Australian encampments mimic US precursors but not in pugnacity

Authorities shrug off calls for camps to be dismantled, amid reports of antisemitism but little evidence of violence

五月 7, 2024
Source: X/Twitter

Pro-Palestinian encampments at Australian universities have remained all but free of the violence marring the US camps that inspired them, despite demands for US-style crackdowns.

Camps have been established or are planned on the campuses of at least five Melbourne universities as well as institutions in Adelaide, Brisbane, Canberra, Perth and Sydney.

Protesters are venting their outrage over the slaughter in Gaza and demanding an end to university ties with Israel and armaments manufacturers. They have faced off against pro-Israeli groups at several universities, amid claims of a rising tide of antisemitism.

In comments echoed by some Jewish leaders, shadow education minister Sarah Henderson said vice-chancellors should expel student ringleaders, dismantle the camps and call in the police to combat the “ugly tide of hatred at Australian universities”. She said education minister Jason Clare should cancel an Australian Research Council grant awarded to a controversial Macquarie University sociologist, after children under the academic’s supervision were filmed chanting “intifada” at a University of Sydney protest.

Ms Henderson also said Mr Clare “must ban hate speech at universities or resign”, after Jewish students, staff and community leaders “shared horror stories” of “intimidation, harassment and threats” on university campuses.

Like Ms Henderson, Mr Clare has called meetings with Jewish students and community leaders. “It’s obvious that there are students…who feel that they’re afraid to go to university, and that’s not on,” he told the ABC.

But he supported students’ right to peaceful protest, and said it was “not appropriate” for him to intervene in institutional matters. “If universities are failing to implement their codes of conduct, then Teqsa – the tertiary education regulator – has the power to issue fines.”

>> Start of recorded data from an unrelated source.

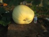 The sad conclusion to the Great White (now orangeish) Dope from the 1641 Montgomery. A mere 120 pounds, but 6% heavy. For 2015, I'll be moving the AG patch back to better sun and soil, where in 2012, a generic store-bought seed reached 137 lbs. in 105�F temps in 45 DAP before the vines succumbed to the scorching heat.
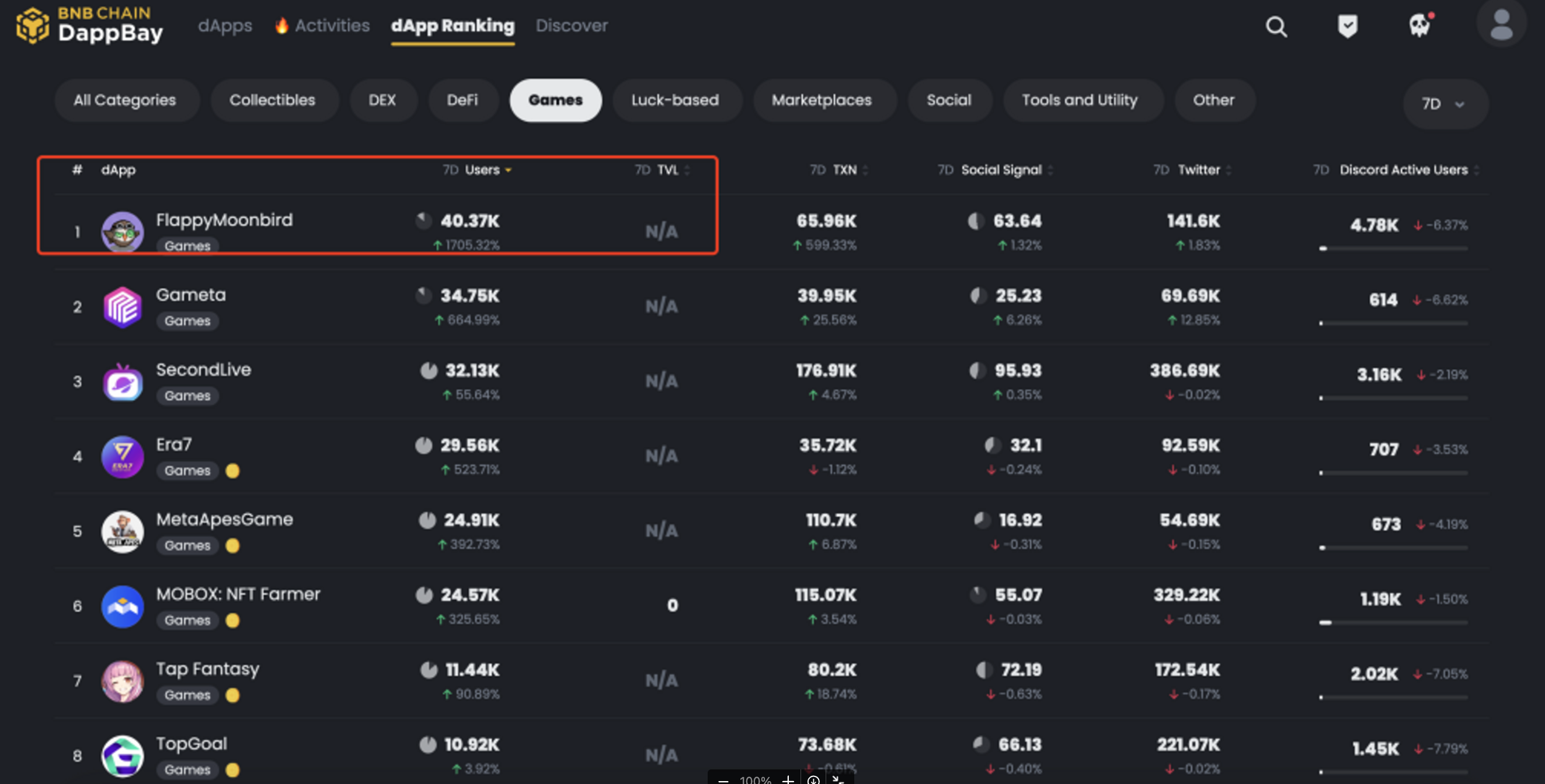 In such a depressive gaming market, we can still see that FlappyMoonbird ranks second in monthly active users on the BNBChain gaming leaderboard and holds a position within the Top 10 on the overall BNBChain leaderboard, showcasing impressive results. As more games are launched, the $FMB will become increasingly stronger and applicable, predicting a sustainable future of FlappyMoonbird.
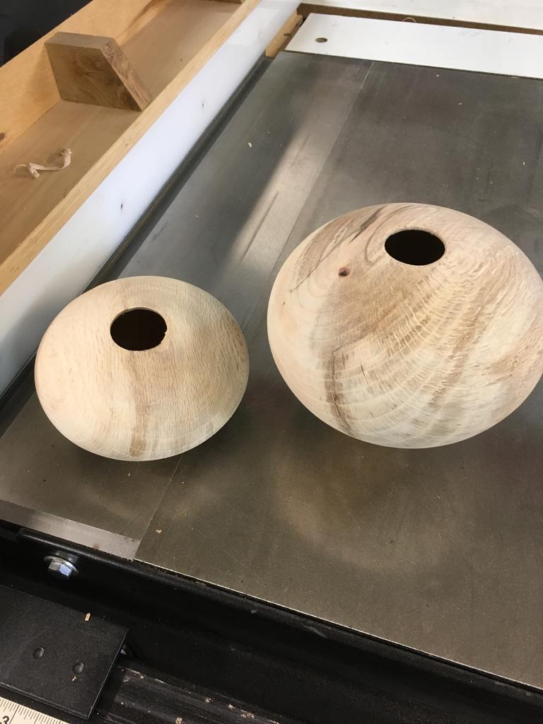 My neighbor had some tree work done and I caught the cutters and asked for the river birch and the limbs they took off a live oak. Doing some hollow forms with the oak and it has some great grain and dark lines . this is just the turn to finish. Had to allow to dry a few days to sand well as the wet end grain did not sand well.
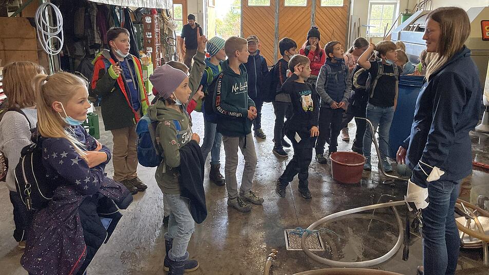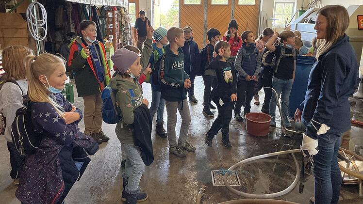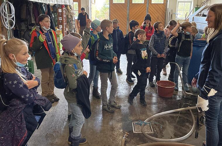 Nach der Erkundungstour durch die Weinberge durften wir zu Besuch bei dem Weingut Emmerich in Iphofen sein. Die Kinder lernten nicht nur, dass das Pressen der Weintrauben als Keltern bezeichnet wird, sondern bekamen an der Keltermaschine auch den Ablauf gezeigt. Frau Emmerich erklärte, dass die Pressrückstand der ausgepressten Trauben, wie die Schalen und Stiele, Trester genannt werden. Der Trester wird anschließend kompostiert und zum Düngen wieder in den Weinberg gebracht, da dieser viele nützliche Nährstoffe enthält. In der wohlverdienten Brotzeitpause durften die Viertklässler natürlich auch den frisch gepressten Traubensaft probieren. Dabei durften die Kinder selbst noch einmal den Zuckergehalt mithilfe der Mostgewichtwaage messen und dann den leckeren Saft genießen.
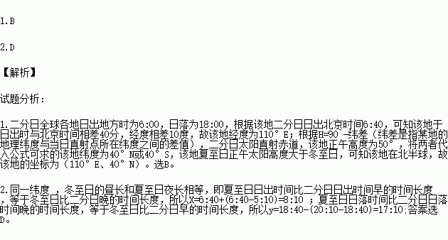 1.该地的地理坐标是( )

Mr Clare denied that universities needed “more power” to enforce their own codes of conduct. “What we need to do better is improve communication between universities and student representatives, in particular Jewish students who are looking for more information about what is happening on campus,” he told journalists.

“It’s incumbent upon…politicians, religious leaders, community leaders, student leaders, members of the media…to dial the rhetoric down…and work together to try and bring the country together rather than letting it be torn apart.”

There is limited evidence of that to date, with the encampments often proving self-policing. “No instance of bullying, racism, Islamophobia, antisemitism, queerphobia or ableism will be tolerated,” Curtin University’s Gaza Solidarity Encampment rules state.

The Australian National University Students’ Association withdrew its involvement in the ANU encampment after a protest leader declared “unconditional support” for Hamas during a radio interview.

Monash University called in the police after outsiders converged on the Clayton campus to “disrupt” the encampment there. The interlopers left, no arrests were made, and no injuries were reported.

However prominent Liberal MP Julian Leeser, a former Australian Catholic University administrator and shadow attorney general, has vowed to move a private member’s bill to establish an independent judicial inquiry into antisemitism on Australian campuses.

“If any Australian student cannot feel safe…because of the religion they hold, then our universities are failing the principle test of character,” Mr Leeser said during an address at the Central Synagogue in Sydney.

“To Australia’s vice-chancellors I say this: Australians are watching. Those who donate to and fund your institutions are watching. And interNational University rankings will be watching too.”